Excerpted records:
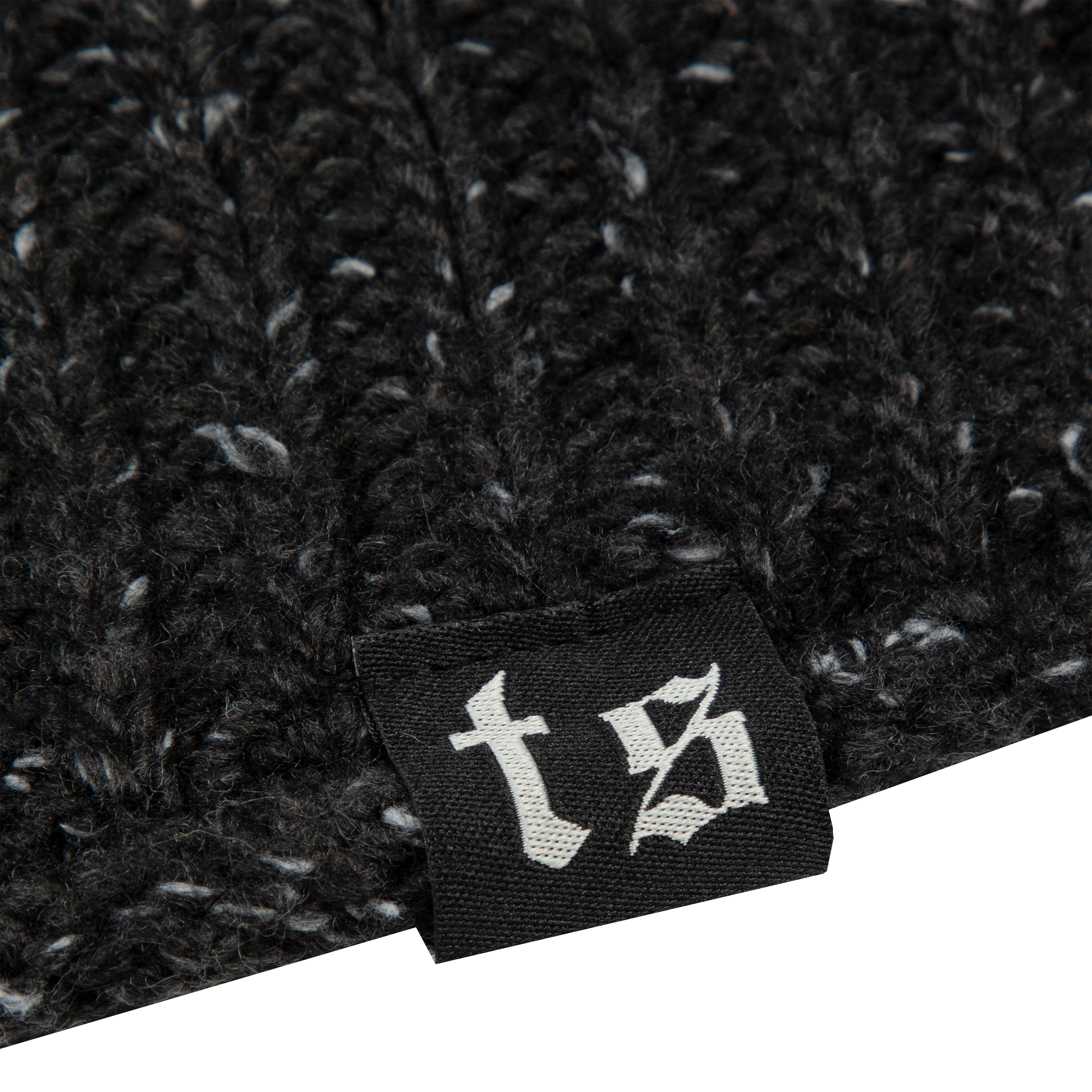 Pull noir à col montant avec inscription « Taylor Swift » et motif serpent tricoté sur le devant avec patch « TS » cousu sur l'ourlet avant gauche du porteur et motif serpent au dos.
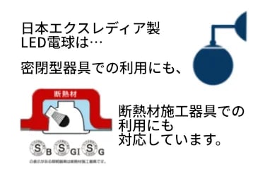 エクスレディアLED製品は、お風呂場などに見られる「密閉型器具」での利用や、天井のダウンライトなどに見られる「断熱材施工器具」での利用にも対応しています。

--

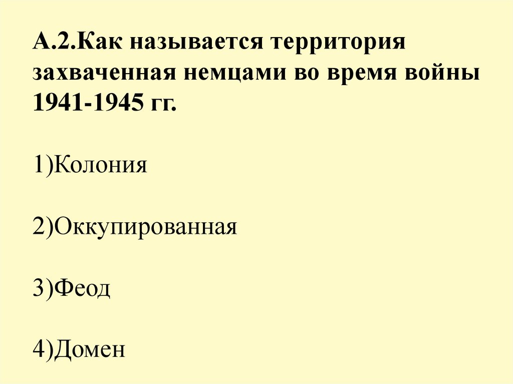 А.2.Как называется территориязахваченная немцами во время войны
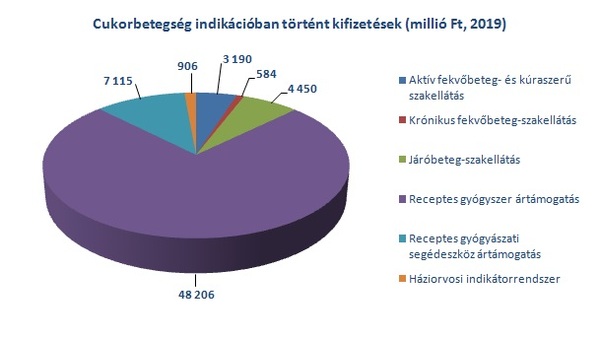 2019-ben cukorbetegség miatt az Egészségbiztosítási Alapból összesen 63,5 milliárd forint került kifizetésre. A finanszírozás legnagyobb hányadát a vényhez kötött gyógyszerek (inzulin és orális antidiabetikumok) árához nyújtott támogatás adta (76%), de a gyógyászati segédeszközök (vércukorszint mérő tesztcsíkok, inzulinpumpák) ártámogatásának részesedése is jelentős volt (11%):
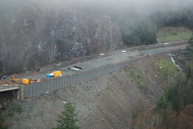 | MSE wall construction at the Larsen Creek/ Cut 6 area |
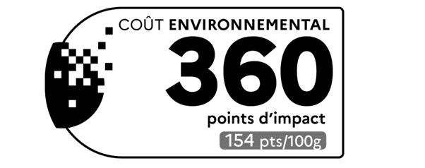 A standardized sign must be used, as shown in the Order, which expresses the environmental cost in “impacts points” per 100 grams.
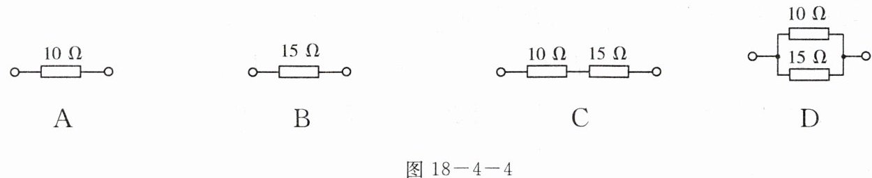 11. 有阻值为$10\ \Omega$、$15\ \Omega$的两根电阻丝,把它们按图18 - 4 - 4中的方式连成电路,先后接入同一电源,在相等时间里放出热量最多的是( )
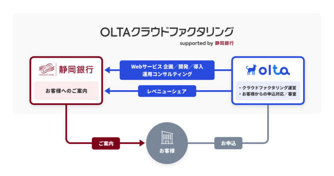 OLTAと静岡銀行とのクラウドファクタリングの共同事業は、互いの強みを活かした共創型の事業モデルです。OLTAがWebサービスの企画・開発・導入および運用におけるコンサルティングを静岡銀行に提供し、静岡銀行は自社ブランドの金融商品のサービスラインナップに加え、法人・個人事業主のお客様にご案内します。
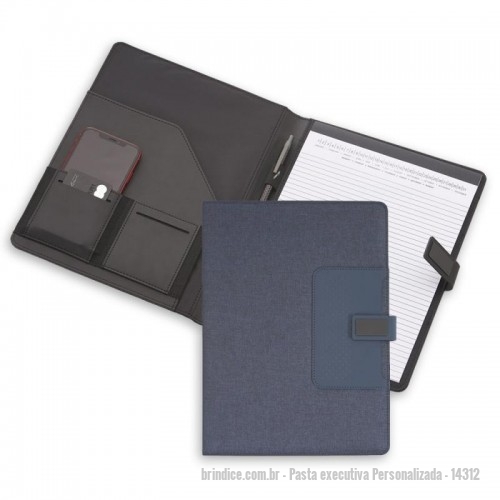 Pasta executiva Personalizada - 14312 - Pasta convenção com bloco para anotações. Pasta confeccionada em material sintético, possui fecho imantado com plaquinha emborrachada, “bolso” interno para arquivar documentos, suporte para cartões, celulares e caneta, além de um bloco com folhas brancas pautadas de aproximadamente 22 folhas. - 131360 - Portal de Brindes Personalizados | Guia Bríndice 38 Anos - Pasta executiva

...

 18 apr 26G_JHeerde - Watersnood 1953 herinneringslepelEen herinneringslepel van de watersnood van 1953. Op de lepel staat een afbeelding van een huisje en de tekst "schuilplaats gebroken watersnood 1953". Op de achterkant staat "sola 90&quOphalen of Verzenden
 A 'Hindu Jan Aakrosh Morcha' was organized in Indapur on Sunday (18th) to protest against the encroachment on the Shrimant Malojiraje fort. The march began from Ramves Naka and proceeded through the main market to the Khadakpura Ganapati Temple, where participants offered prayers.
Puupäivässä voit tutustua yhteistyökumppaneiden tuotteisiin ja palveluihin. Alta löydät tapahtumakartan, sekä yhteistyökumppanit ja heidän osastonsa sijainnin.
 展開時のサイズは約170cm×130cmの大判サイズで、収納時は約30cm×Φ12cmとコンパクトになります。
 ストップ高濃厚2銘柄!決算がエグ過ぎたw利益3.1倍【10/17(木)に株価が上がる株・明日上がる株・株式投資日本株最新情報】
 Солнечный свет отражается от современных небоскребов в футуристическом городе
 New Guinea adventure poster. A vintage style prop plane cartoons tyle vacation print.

The task: In the listing above, find the line containing "Cut 6 area |" and the line containing "Pasta executiva Personalizada". Reproduce those lines and all between them exactly, with no pictures and nothing more.

Answer for the task:
 | MSE wall construction at the Larsen Creek/ Cut 6 area |
 A standardized sign must be used, as shown in the Order, which expresses the environmental cost in “impacts points” per 100 grams.
 11. 有阻值为$10\ \Omega$、$15\ \Omega$的两根电阻丝,把它们按图18 - 4 - 4中的方式连成电路,先后接入同一电源,在相等时间里放出热量最多的是( )
 OLTAと静岡銀行とのクラウドファクタリングの共同事業は、互いの強みを活かした共創型の事業モデルです。OLTAがWebサービスの企画・開発・導入および運用におけるコンサルティングを静岡銀行に提供し、静岡銀行は自社ブランドの金融商品のサービスラインナップに加え、法人・個人事業主のお客様にご案内します。
 Pasta executiva Personalizada - 14312 - Pasta convenção com bloco para anotações. Pasta confeccionada em material sintético, possui fecho imantado com plaquinha emborrachada, “bolso” interno para arquivar documentos, suporte para cartões, celulares e caneta, além de um bloco com folhas brancas pautadas de aproximadamente 22 folhas. - 131360 - Portal de Brindes Personalizados | Guia Bríndice 38 Anos - Pasta executiva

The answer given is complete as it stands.